Со скрипом открывается дверь.
— Чего тебе, Регина? — сухо спрашивает Тракимас.
— Из района звонили, председатель. — Регина подходит к нему; стоит так близко, что Тракимас прямо-таки чувствует, как под белой блузкой вздымается ее крутая грудь.
Садится за стол, придвигает к себе папку с бумагами.
— Чего им?
— Сводку по жатве просили.
— Передала?
— Передала, председатель.
— Еще чего?
— Сводку по молоку.
В дочери мне годится, думает Тракимас, а ведь только пальцем помани…
— Почему раньше не говорила?
— Только сейчас пришла, председатель. — Покраснев, она теребит свой янтарный медальон. — Работа-то ведь давно кончилась.
— А, верно, — очнувшись, Тракимас поглядывает на часы. — Сводка по молоку готова?
— Я сейчас. — Регина поворачивается, но Тракимас останавливает ее:
— Не надо, в понедельник покажешь.
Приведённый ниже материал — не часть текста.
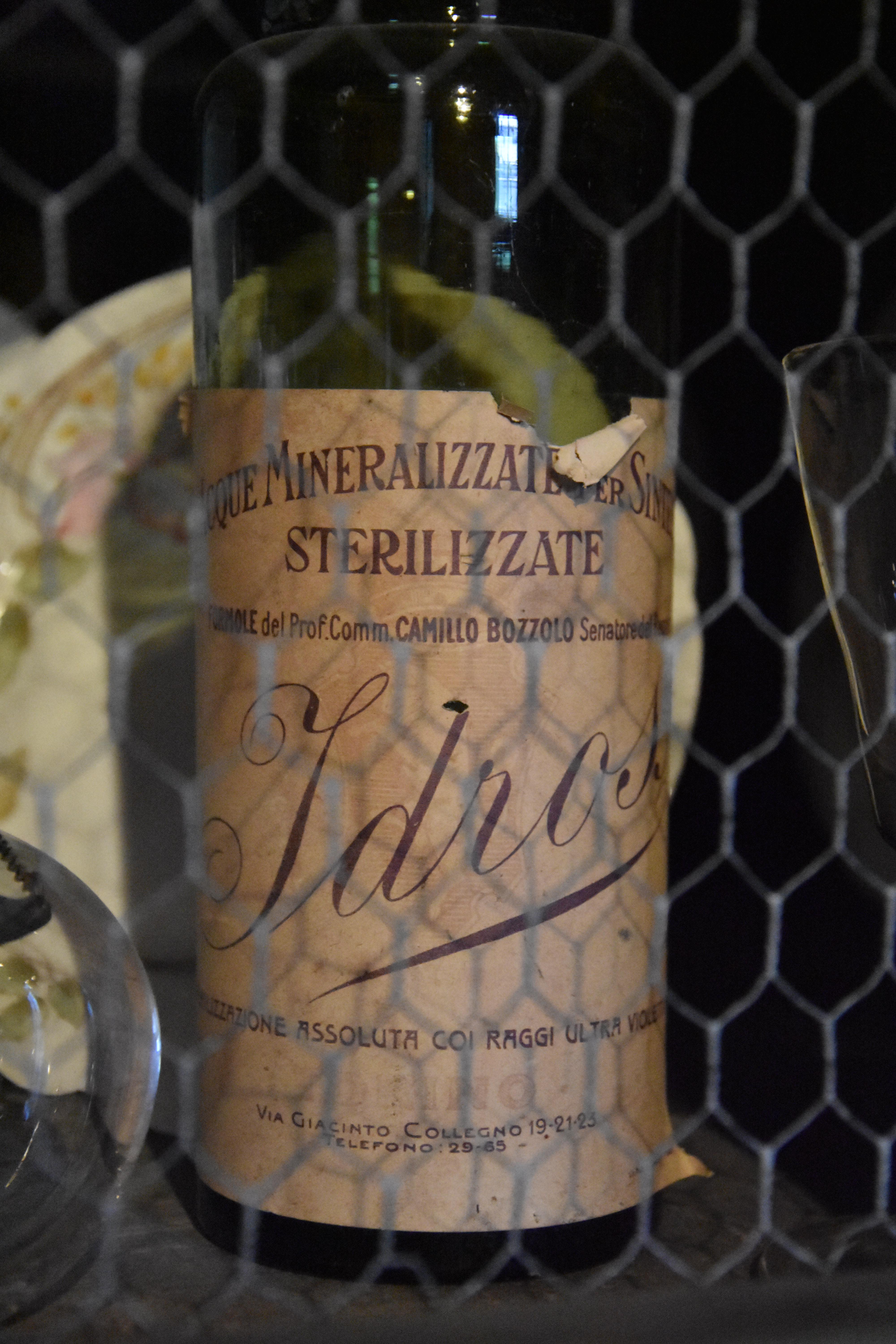 Villa Della Porta Bozzolo in Casalzuigno, Italy.
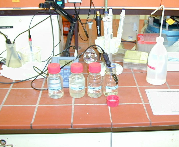 PH measurement with an electrode.

Помнишь ведь в общих чертах.
Регина возвращается к столу, поправляет алый георгин, вставленный в бокальчик для карандашей. Тракимас только теперь замечает этот цветок. Как он проглядел, а может, его и не было, может, она сейчас пришла с георгином?..
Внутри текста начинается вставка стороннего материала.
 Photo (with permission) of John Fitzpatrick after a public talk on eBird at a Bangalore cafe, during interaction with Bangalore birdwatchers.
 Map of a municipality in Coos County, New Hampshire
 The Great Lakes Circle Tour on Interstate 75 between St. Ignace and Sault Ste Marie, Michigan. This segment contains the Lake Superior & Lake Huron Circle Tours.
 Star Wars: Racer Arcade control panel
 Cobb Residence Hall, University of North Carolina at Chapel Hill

— По сравнению с прошлым августом ниже.
— Веселая новость! — Председатель хлопает ладонью по папке — так резко, что Регина вздрагивает. — Сегодня сплошь веселые новости! И намного?
— На пять килограммов от коровы.
— Завфермами знает?
Регина пожимает плечами, нагнувшись через спинку его стула, поправляет занавеску на окне. Грудь мягко задевает плечо Тракимаса, и его бросает в жар. Черт возьми, вот взять бы и забыть все, хоть на минуту удрать от забот! Протяни руку — и твоя! Усаживай в «газик» и вези куда душе угодно. И ты воскреснешь, станешь другим. Чепуха ведь — треснула пружина, мелкая чепуха! На пять килограммов меньше удои? Чепуха! Неужто не видишь: она ждет. Не первый раз приходит, когда ты сидишь один. Вроде по делу, а ведь… Наплевать бы на все! На тебя-то ведь тоже наплевали. Как на последнего неудачника плюнули и бросили, а ты все еще ждешь. Чего ждешь, дурак? Почему молчишь да пялишься на нее? Она же молчит, ее губы, дрогнув, приоткрываются, они ждут, губы-то, а ты не будь олухом, не будь святым; отомсти той, которой нет, и себе самому отомсти за верность той, которой нет; говорят, месть — сладкая штука…
— Председатель…
Он встает, опираясь ладонями на стол, подходит к Регине и, резко повернувшись, бросается к двери, распахивает ее, влетает в комнату бухгалтерии. Комната пуста, со столов убраны бумаги, аккуратно расставлены стулья. Но здесь прохладнее, куда прохладнее — окна на север, солнце не нагревает. Тракимас глубоко дышит, трет рукой лицо — небритое; не успел второпях, ладно, завтра утром…
— Регина, — встает он в дверях, — впредь без моего ведома никаких сводок не передавать. Слышишь? — Он говорит сурово, хотел бы к ней придраться, накричать, но Регина — хороший бухгалтер, она никогда не ошибается. — Пока! У меня работа.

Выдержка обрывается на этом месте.